An electron is made to enter symmetrically between two parallel and equally but oppositely charged metal plates, each of 10 cm length. The electron emerges out of the electric field region with a horizontal component of velocity $$ 10^{6} m/s$$ . If the magnitude of the electric field between the plates is $$ 9.1\text{ } V/cm $$, then the vertical component of velocity of electron is (mass of electron $$=9.1\times 10^{31}kg $$ and charge of electron $$ =1.6\times 10^{-19}C) $$

The electron enters symmetrically between the plates, meaning it starts at the midpoint with an initial vertical velocity of zero. The initial velocity is purely horizontal, denoted as $$u_x$$. The horizontal component of velocity remains constant because there is no force in the horizontal direction. After emerging, the horizontal component is given as $$10^6 \, \text{m/s}$$, so $$u_x = 10^6 \, \text{m/s}$$.

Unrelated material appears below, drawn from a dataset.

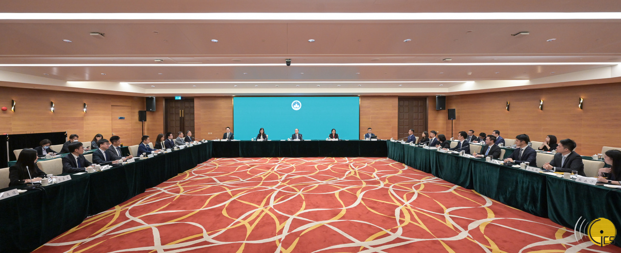 行政长官贺一诚今(18)日在中国与葡语国家商贸合作服务平台综合体与中华全国青年联合会澳区委员座谈,就特区政府制定《2024年财政年度施政报告》听取意见及建议,并就横琴粤澳深度合作区建设、经济适度多元、青年融入国家发展等议题交流意见。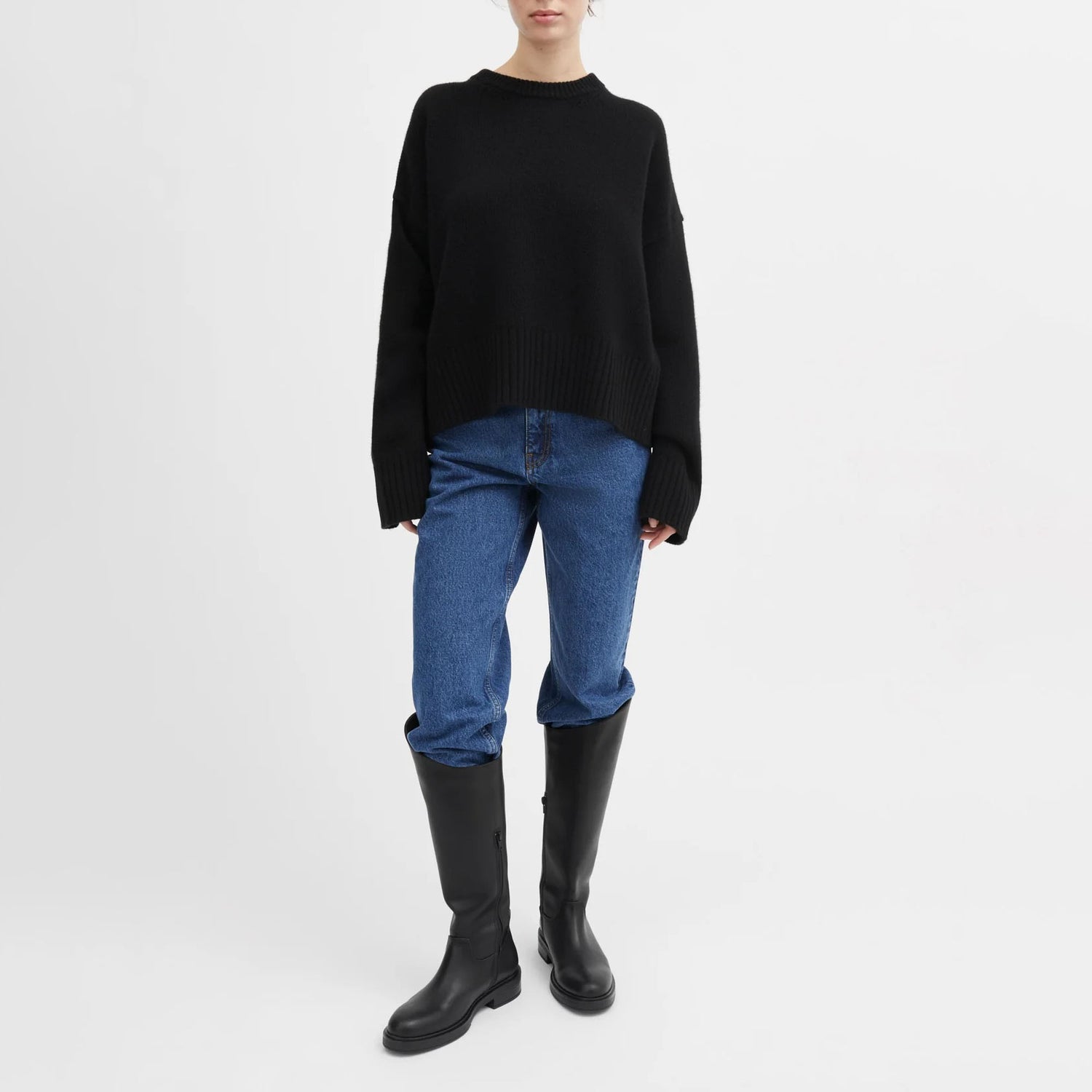 The Campa Jumper is an oversized knit crafted from premium merino wool. It features a classic round neckline, dropped shoulders, and ribbed detailing at the hem. With its boxy, cropped silhouette, this jumper offers a relaxed yet elevated look.

The length of each plate is $$L = 10 \, \text{cm} = 0.1 \, \text{m}$$. The time taken to cross the electric field region is calculated using the horizontal motion:

$$t = \frac{L}{u_x} = \frac{0.1}{10^6} = 10^{-7} \, \text{s}$$

The electric field magnitude is $$E = 9.1 \, \text{V/cm}$$. Convert to SI units: $$1 \, \text{V/cm} = 100 \, \text{V/m}$$, so $$E = 9.1 \times 100 = 910 \, \text{V/m}$$.

The force on the electron in the vertical direction is due to the electric field. The charge of the electron is $$q = -1.6 \times 10^{-19} \, \text{C}$$, but the magnitude of the force is $$|F| = eE$$, where $$e = 1.6 \times 10^{-19} \, \text{C}$$. The mass of the electron is $$m = 9.1 \times 10^{-31} \, \text{kg}$$.

The acceleration in the vertical direction is given by Newton's second law:

$$a_y = \frac{|F|}{m} = \frac{eE}{m}$$

Substitute the values:

$$a_y = \frac{(1.6 \times 10^{-19}) \times 910}{9.1 \times 10^{-31}}$$

First, compute the numerator: $$1.6 \times 10^{-19} \times 910 = 1.6 \times 10^{-19} \times 9.1 \times 10^2 = 14.56 \times 10^{-17} = 1.456 \times 10^{-16}$$

Now, divide by the denominator:

$$a_y = \frac{1.456 \times 10^{-16}}{9.1 \times 10^{-31}} = \frac{1.456}{9.1} \times 10^{-16 - (-31)} = 0.16 \times 10^{15} = 1.6 \times 10^{14} \, \text{m/s}^2$$

The initial vertical velocity is $$u_y = 0$$. The vertical component of velocity when the electron emerges is given by the equation of motion:

$$v_y = u_y + a_y t = 0 + (1.6 \times 10^{14}) \times (10^{-7}) = 1.6 \times 10^{14} \times 10^{-7} = 1.6 \times 10^{7} \, \text{m/s}$$

Simplify: $$1.6 \times 10^7 \, \text{m/s} = 16 \times 10^6 \, \text{m/s}$$.

The vertical component of velocity is $$16 \times 10^6 \, \text{m/s}$$, which corresponds to option C.

Final Answer: C. $$16 \times 10^{6} \, \text{m/s}$$